Healthy conversations (Kenya)

[ Project description | Close ]

This project seeks to develop conversational system for patient and care provider interaction via text. Various health-based channels such as adverse drug event detection, medication compliance, disease education and others are being developed to extend the reach of care of health systems in Africa. Specifically, the system is aimed at supporting individuals with lifelong chronic illnesses such as HIV, hypertension, and diabetes. A major challenge is the development of the conversational system to interact with the multi-lingual, literate to semi-literate diverse population across Africa.

Requirements

  • Experience in NLP, Conversational Agents, and related technologies
  • Hands-on experience implementing statistical machine learning algorithms
  • Coding experience in Python, Java, Javascript (e.g. Node.js), C++, Matlab or R.
A‑2018‑05

Non-communicable disease monitoring in sub-Saharan Africa (Kenya)

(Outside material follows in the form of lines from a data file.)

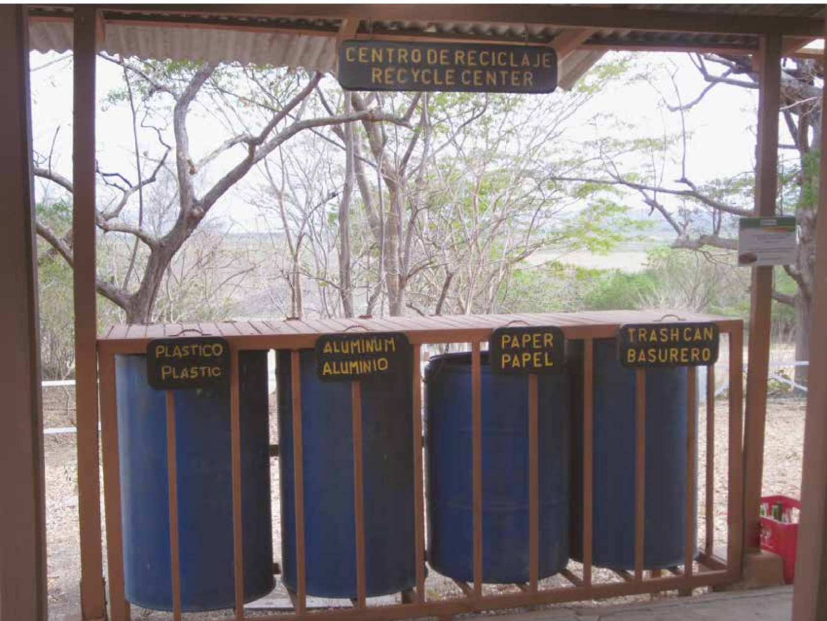
Recipientes para separación de materiales valorizables.

Por ejemplo, a continuación se muestra una fotografía que ilustra el manejo de residuos sólidos en el Parque Nacional Palo Verde.
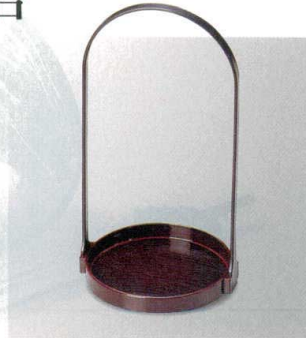
7-466-2 (51214220) ¥830 3.5寸丸手提台(高手付) A 新溜 107×115×225
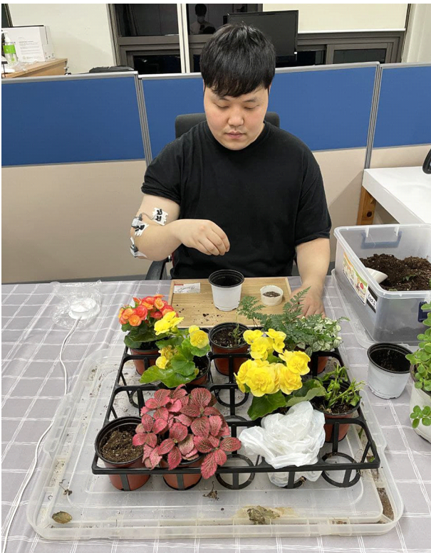
Figure 2. Experimental setup for horiculture motion and electrodes

쪽 80% 지점에 위치시켰다(Figure 2). 마비측(우세측) 손을 스위치 위에 올려놓고 편안하게 앉은 상태에서 시작 신호에 맞추어 스위치에서 손을 떼고 원예 동작 9가지와 상지 재활 동작 3가지를 실시하였다. 스위치에서 손이 떨어지는 지점을 동작의 시작 지점으로 설정하고 동작을 마친 후 다시 스위치를 누르면 동작의 끝 지점으로 하여 이동시간을 측정하였다.
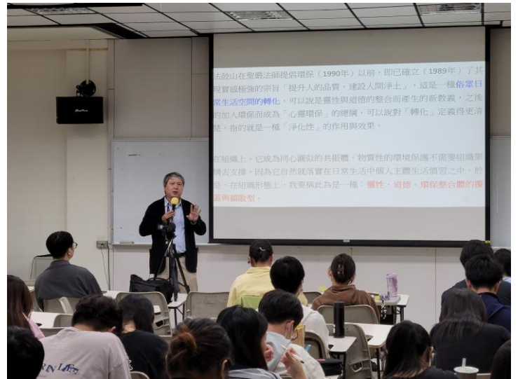
闡述法鼓山心靈環保
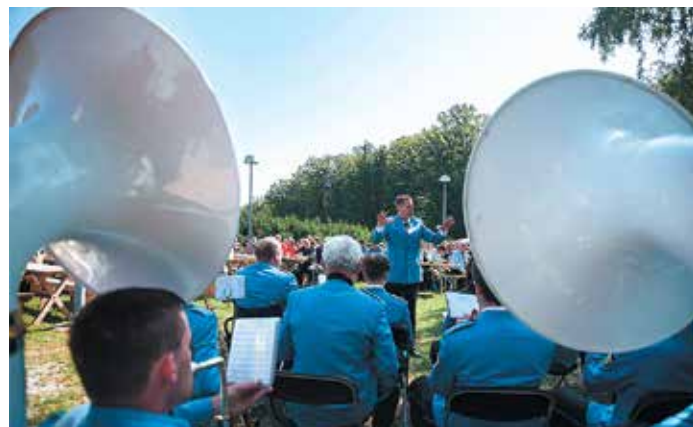
Občinski pihalni orkester Trebnje
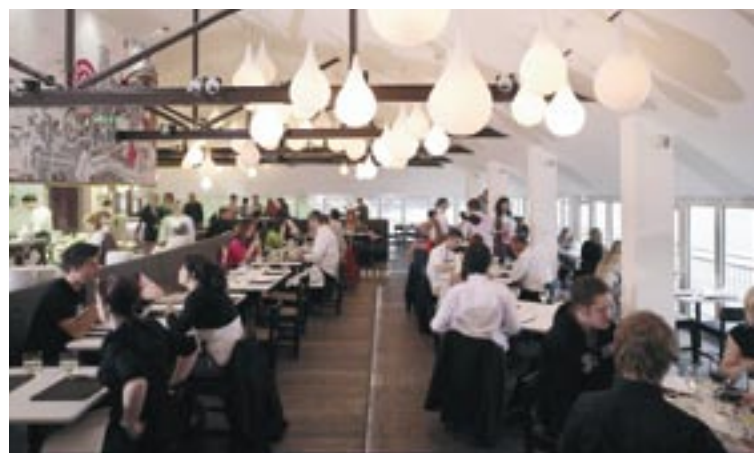
Gäster som låter sig väl smaka av haute cuisine på en Fifteen-restaurant.

[ Project description | Close ]

This project seeks to assist in the diagnosis, treatment and monitoring of non-communicable diseases such as hypertension and diabetes in sub-Saharan Africa where there are startlingly few doctors and nurses per capita. We are developing a suite of interactive tools either to assist non-highly-trained medical personnel or to interact directly with the patient.

Requirements

  • Prior research and publications in healthcare, biology or biostatistics
  • Hands-on experience implementing statistical machine learning algorithms
  • Coding experience in Python, Java, Javascript (e.g. Node.js), C++, Matlab or R.
A‑2018‑06

Adding transparency and accountability to government processes (Kenya)

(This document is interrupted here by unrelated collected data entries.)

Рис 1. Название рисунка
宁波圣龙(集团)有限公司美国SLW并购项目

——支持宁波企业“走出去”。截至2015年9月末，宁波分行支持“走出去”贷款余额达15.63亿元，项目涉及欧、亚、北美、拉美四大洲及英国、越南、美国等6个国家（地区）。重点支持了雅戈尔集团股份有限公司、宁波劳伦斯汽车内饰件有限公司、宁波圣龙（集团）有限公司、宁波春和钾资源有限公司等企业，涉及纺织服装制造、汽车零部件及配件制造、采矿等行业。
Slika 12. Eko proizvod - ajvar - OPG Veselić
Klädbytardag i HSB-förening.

[ Project description | Close ]

We seek to deeply understand various cumbersome and manual government processes and then automate and streamline them in an effort to improve the ease of doing business in Kenya and other countries in sub-Saharan Africa.

Requirements

  • Prior research in process modeling and optimization, AI planning or any related area
  • Hands-on experience implementing algorithms in AI planning, control theory or any related area
  • Coding experience in Python, Java, Javascript (e.g. Node.js), or similar.
A‑2018‑07

Data and service marketplace platform on a blockchain network (Kenya)

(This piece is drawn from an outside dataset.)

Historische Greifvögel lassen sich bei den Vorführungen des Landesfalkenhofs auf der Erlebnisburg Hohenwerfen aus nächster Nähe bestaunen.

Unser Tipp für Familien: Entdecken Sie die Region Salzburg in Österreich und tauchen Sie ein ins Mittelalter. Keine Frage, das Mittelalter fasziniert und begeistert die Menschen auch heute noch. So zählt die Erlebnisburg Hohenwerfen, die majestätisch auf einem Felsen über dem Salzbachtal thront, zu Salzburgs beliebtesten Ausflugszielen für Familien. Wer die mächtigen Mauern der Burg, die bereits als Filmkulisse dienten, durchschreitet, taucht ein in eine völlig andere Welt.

[ Project description | Close ]

This project seeks to understand and develop a data and service marketplace platform on a blockchain network in order to facilitate the repository of verifiable data, models and services (e.g., AI services) among participants of the blockchain network, allowing faster data creation, real-time data sharing, sharing richer datasets, and collaboration across various system of record platforms.

Requirements

  • Prior research and publications in machine learning, security protocol, data science, blockchain, software engineering
  • Hands-on experience implementing distributed systems, distributed/statistical machine learning algorithms, blockchain protocols (e.g., hyperledger)
  • Coding experience in Go, Python, Java, Javascript (e.g. Node.js).
A‑2018‑08

Composable consent directive (Kenya)

[ Project description | Close ]

This project seeks to understand, develop and experiment a generalized consent directive protocols on a blockchain network that can be composed given a context specification (e.g., healthcare data sharing, banking data sharing).

Requirements

  • Prior research and publications in protocols, blockchain, software engineering, ontology, knowledge engineering, formal languages
  • Hands-on experience implementing distributed systems, algorithms, blockchain protocol (e.g., hyperledger), knowledge engineering, protocol verification
  • Coding experience in Go, Python, Java, Javascript (e.g. Node.js), ontology languages.
A‑2018‑09

Understanding online user-generated data in emerging markets (Kenya)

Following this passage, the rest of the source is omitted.